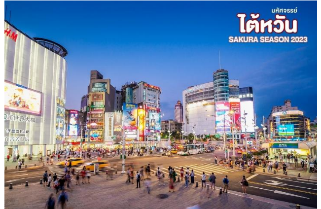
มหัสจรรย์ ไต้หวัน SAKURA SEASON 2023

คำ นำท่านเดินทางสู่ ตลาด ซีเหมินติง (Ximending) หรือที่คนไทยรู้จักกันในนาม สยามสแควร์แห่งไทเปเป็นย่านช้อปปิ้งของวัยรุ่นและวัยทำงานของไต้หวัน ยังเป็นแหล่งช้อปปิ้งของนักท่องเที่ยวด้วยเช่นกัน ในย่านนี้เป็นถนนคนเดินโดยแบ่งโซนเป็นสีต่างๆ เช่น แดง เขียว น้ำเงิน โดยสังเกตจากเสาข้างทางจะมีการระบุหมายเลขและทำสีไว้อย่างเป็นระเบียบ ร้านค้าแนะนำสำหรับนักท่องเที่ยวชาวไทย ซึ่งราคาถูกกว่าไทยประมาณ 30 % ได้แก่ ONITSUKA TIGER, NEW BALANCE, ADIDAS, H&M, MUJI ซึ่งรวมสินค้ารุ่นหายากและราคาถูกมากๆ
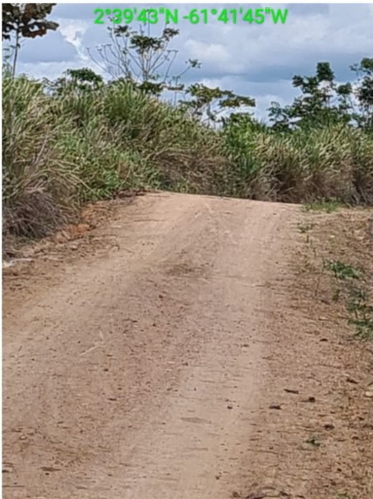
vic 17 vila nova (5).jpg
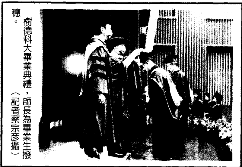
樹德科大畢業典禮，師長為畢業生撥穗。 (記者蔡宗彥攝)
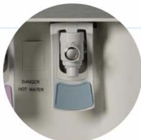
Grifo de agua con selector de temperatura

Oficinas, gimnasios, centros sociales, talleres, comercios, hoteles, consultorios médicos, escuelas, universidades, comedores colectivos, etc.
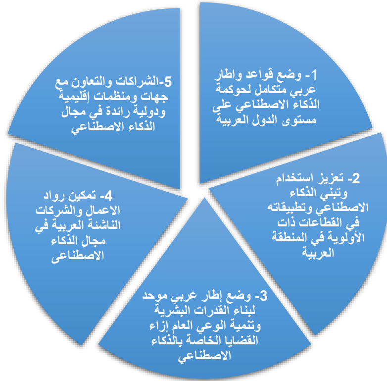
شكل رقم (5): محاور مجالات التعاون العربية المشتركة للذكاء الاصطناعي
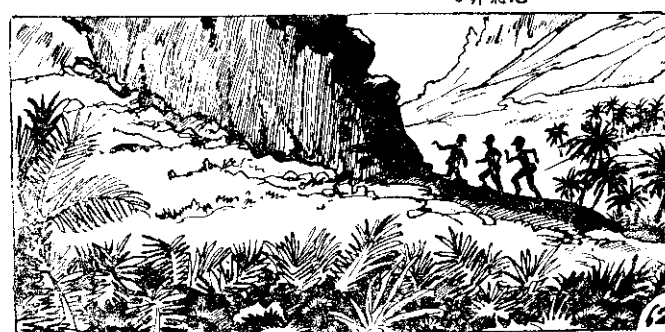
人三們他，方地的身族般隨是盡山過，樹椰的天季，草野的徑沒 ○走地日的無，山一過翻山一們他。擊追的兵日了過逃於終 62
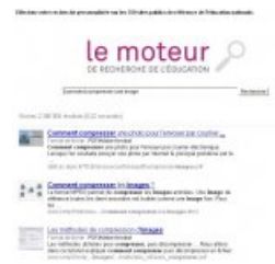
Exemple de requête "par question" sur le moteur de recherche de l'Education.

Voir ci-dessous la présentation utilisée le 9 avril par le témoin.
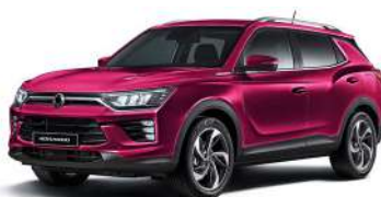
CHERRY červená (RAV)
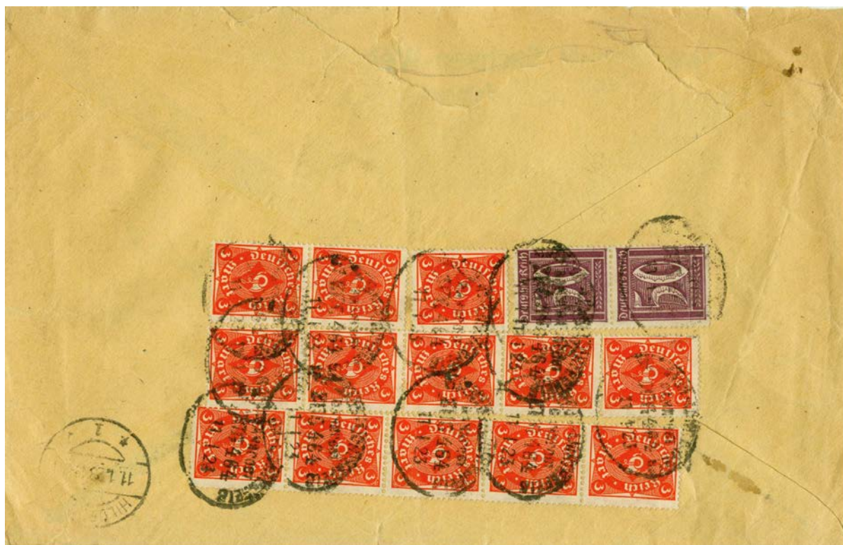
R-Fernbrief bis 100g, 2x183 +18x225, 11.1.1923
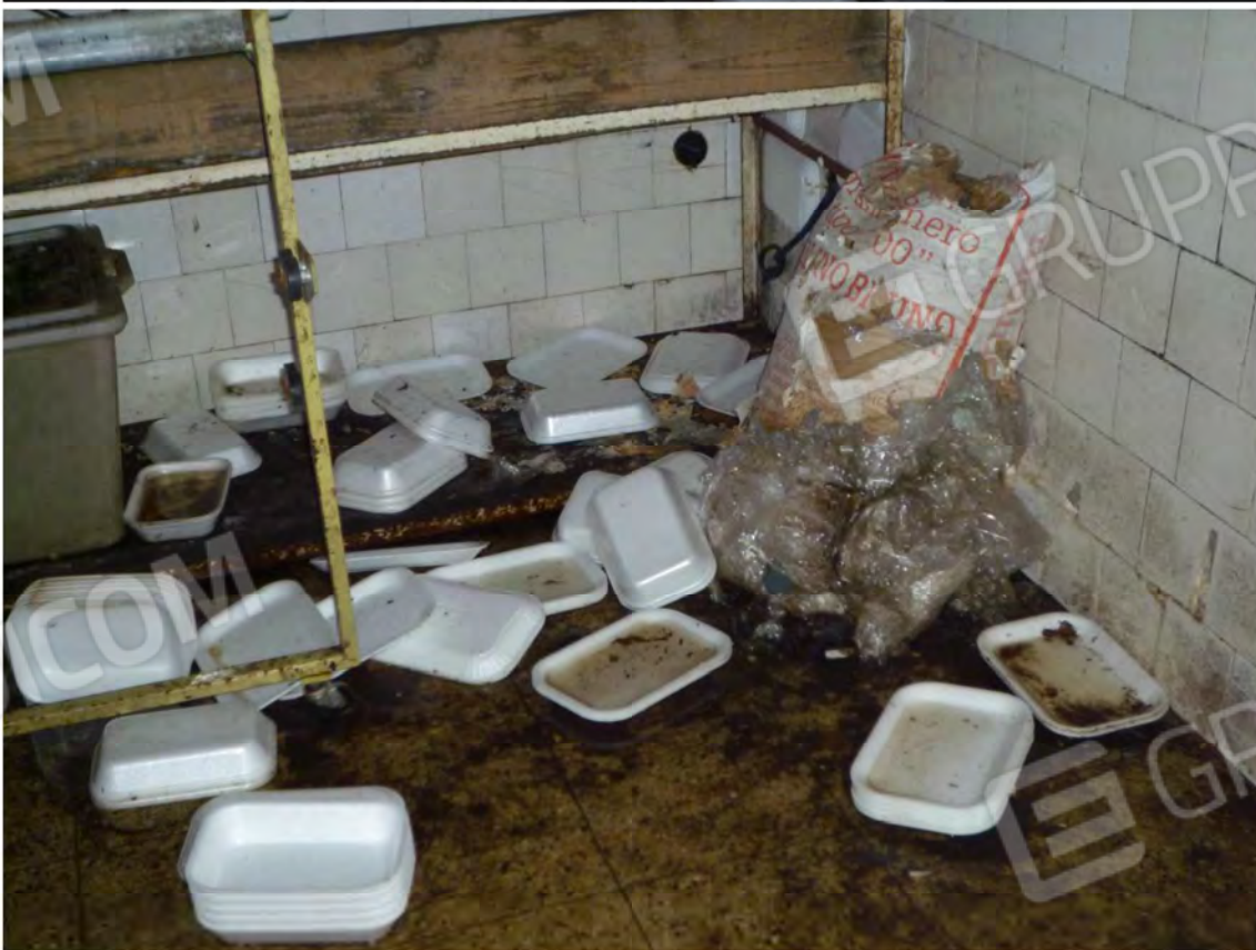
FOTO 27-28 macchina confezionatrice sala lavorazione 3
* * *
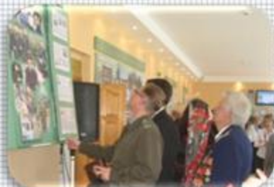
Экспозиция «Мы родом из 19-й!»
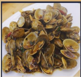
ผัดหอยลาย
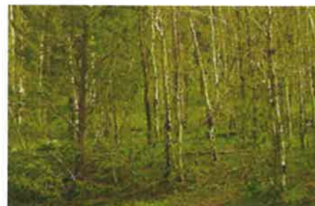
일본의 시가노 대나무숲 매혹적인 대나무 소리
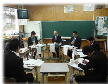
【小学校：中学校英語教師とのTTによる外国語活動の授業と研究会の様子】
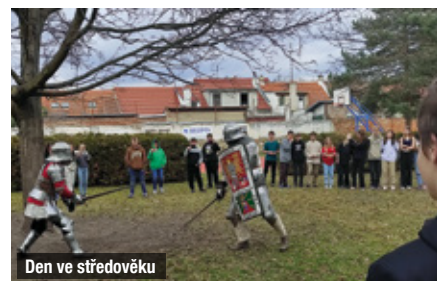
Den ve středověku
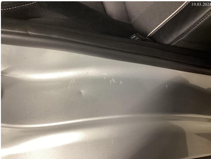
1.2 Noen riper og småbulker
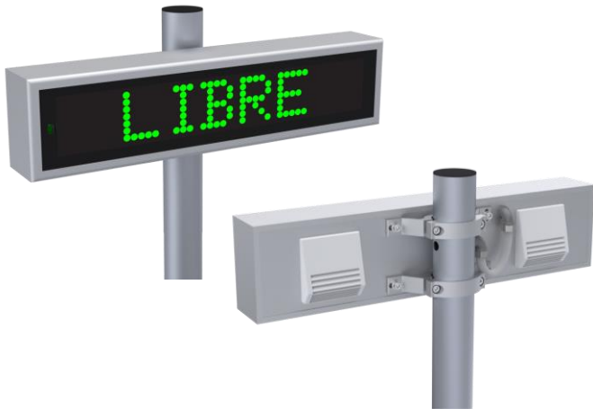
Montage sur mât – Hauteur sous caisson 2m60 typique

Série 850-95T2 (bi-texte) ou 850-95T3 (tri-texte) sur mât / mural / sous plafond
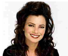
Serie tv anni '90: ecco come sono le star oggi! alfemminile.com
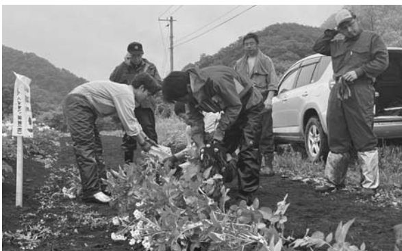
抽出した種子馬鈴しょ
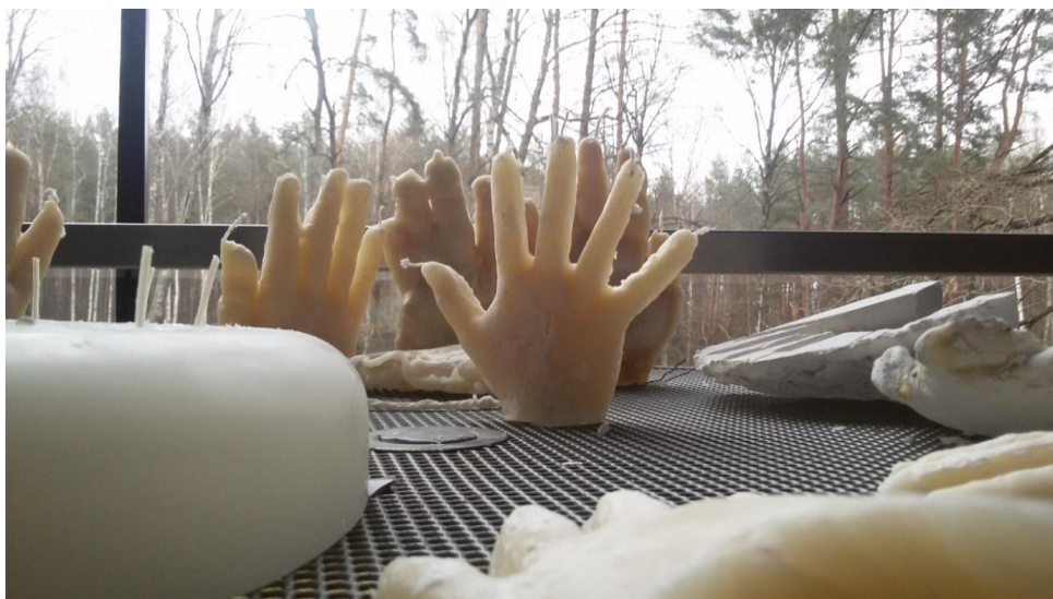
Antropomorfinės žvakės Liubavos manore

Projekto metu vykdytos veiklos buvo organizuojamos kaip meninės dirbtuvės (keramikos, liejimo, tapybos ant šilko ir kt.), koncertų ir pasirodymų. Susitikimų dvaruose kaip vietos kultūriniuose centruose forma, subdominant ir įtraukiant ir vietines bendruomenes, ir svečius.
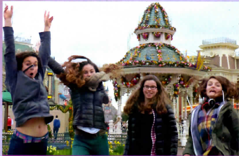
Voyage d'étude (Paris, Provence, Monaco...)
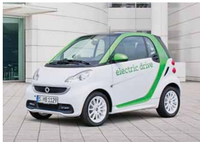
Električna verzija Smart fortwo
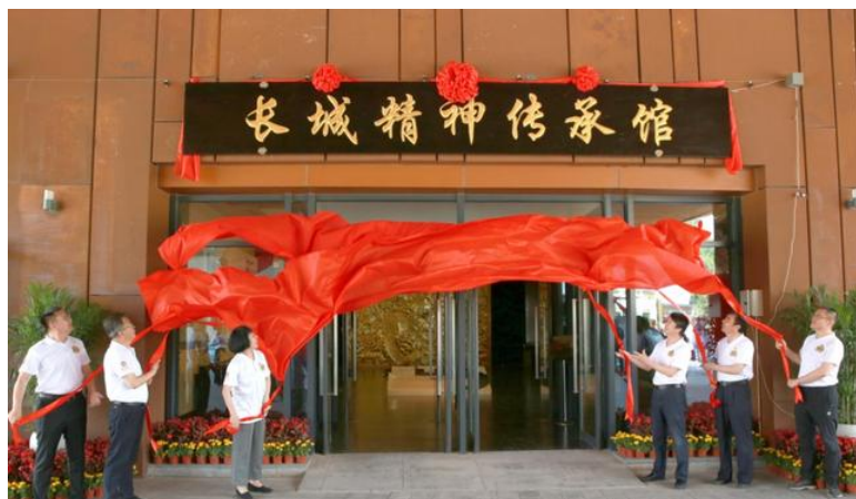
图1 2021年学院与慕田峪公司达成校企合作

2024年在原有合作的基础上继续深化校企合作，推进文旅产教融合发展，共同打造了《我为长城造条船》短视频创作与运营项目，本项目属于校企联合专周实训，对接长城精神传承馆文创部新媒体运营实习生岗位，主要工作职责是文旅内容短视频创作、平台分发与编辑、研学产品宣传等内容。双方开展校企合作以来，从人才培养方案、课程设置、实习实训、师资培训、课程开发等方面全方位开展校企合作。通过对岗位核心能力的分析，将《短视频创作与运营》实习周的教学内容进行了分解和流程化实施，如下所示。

* INSTRUCTIONS TO FOLLOW:
Print exactly the lines above that run from the one with "樹德科大畢業典禮，師長為畢業生撥穗。 (記者蔡宗彥攝)" down to the one with "FOTO 27-28 macchina", and omit the pictures.

* ANSWER BOX:
樹德科大畢業典禮，師長為畢業生撥穗。 (記者蔡宗彥攝)
Grifo de agua con selector de temperatura

Oficinas, gimnasios, centros sociales, talleres, comercios, hoteles, consultorios médicos, escuelas, universidades, comedores colectivos, etc.
شكل رقم (5): محاور مجالات التعاون العربية المشتركة للذكاء الاصطناعي
人三們他，方地的身族般隨是盡山過，樹椰的天季，草野的徑沒 ○走地日的無，山一過翻山一們他。擊追的兵日了過逃於終 62
Exemple de requête "par question" sur le moteur de recherche de l'Education.

Voir ci-dessous la présentation utilisée le 9 avril par le témoin.
CHERRY červená (RAV)
R-Fernbrief bis 100g, 2x183 +18x225, 11.1.1923
FOTO 27-28 macchina confezionatrice sala lavorazione 3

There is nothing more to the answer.